What SOP protects against: a malicious page at evil.com cannot silently read the authenticated response from bank.com/account even if the user is logged in, because the browser blocks the read.

What SOP does not protect against: the browser still sends the request. SOP blocks the read, not the send. This distinction matters for state-changing endpoints (see preflight, below).

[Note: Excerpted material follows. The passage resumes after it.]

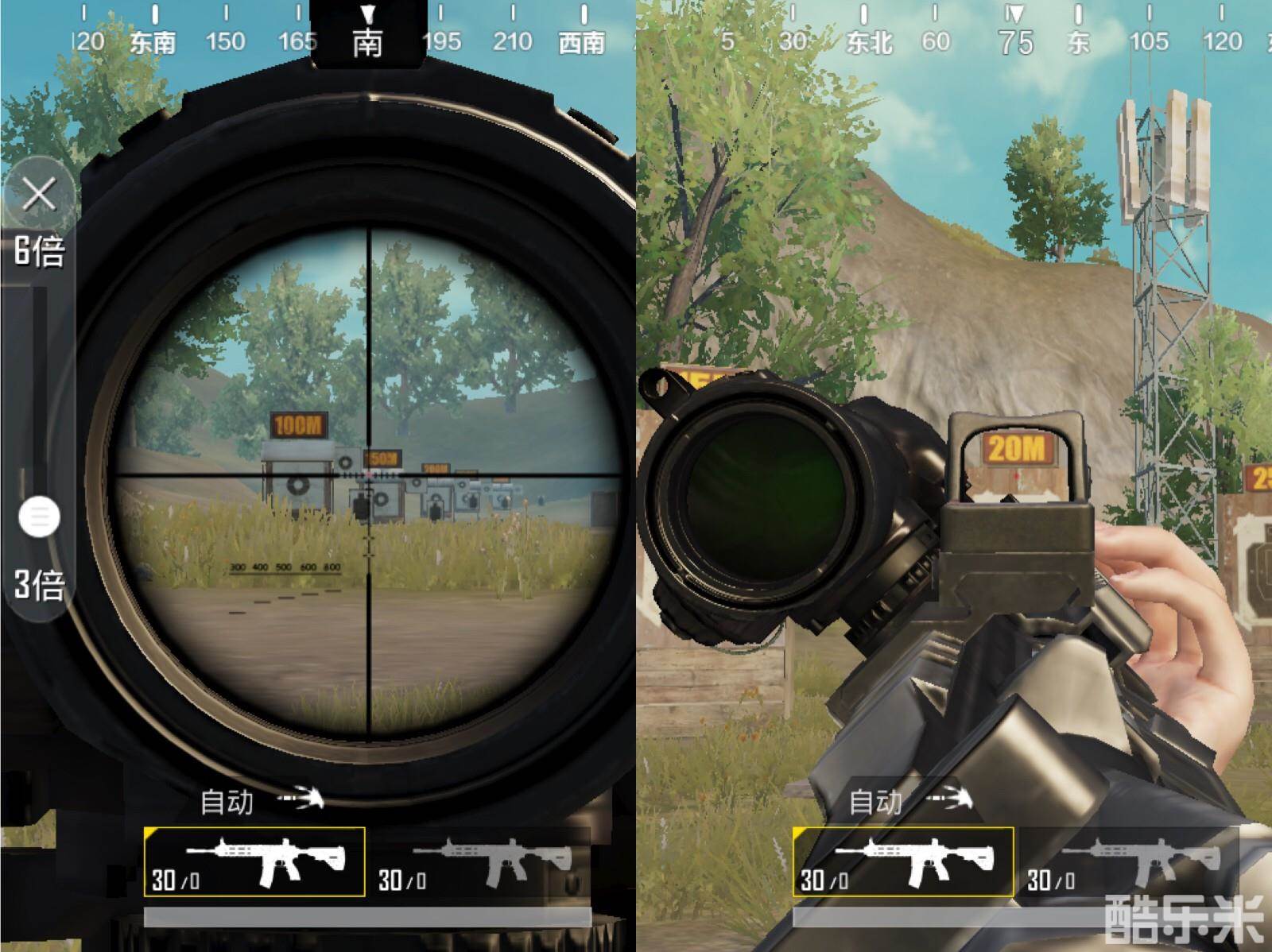 最后再看到高倍镜,如果是测瞄准镜搭配中远倍镜后是锦上添花的话,那搭配了侧面瞄准镜的高倍镜可以说是如虎添翼,有了质的飞跃!装备了6倍镜后的M416能够轻松看清100米开外的视野,并且6倍镜还有一个非常强大的功能,可以在3倍到6倍之间自主选择变化视距,如果再搭配上侧瞄准镜,就可以让我们的枪械拥有了一个可近可远的射程,让我们在所有时期都驰骋鸡场。简直好用的不行!

CORS as a Controlled Relaxation

CORS adds a negotiation layer on top of SOP. The browser includes an Origin header on cross-origin requests; the server responds with Access-Control-* headers that declare what it permits. If the server's response does not grant permission, the browser blocks JavaScript from accessing the response body.

CORS is enforced by the browser on behalf of the user. A server cannot bypass a browser's enforcement, and a non-browser client (curl, server-to-server) is unaffected by CORS headers. CORS is not a server authentication mechanism.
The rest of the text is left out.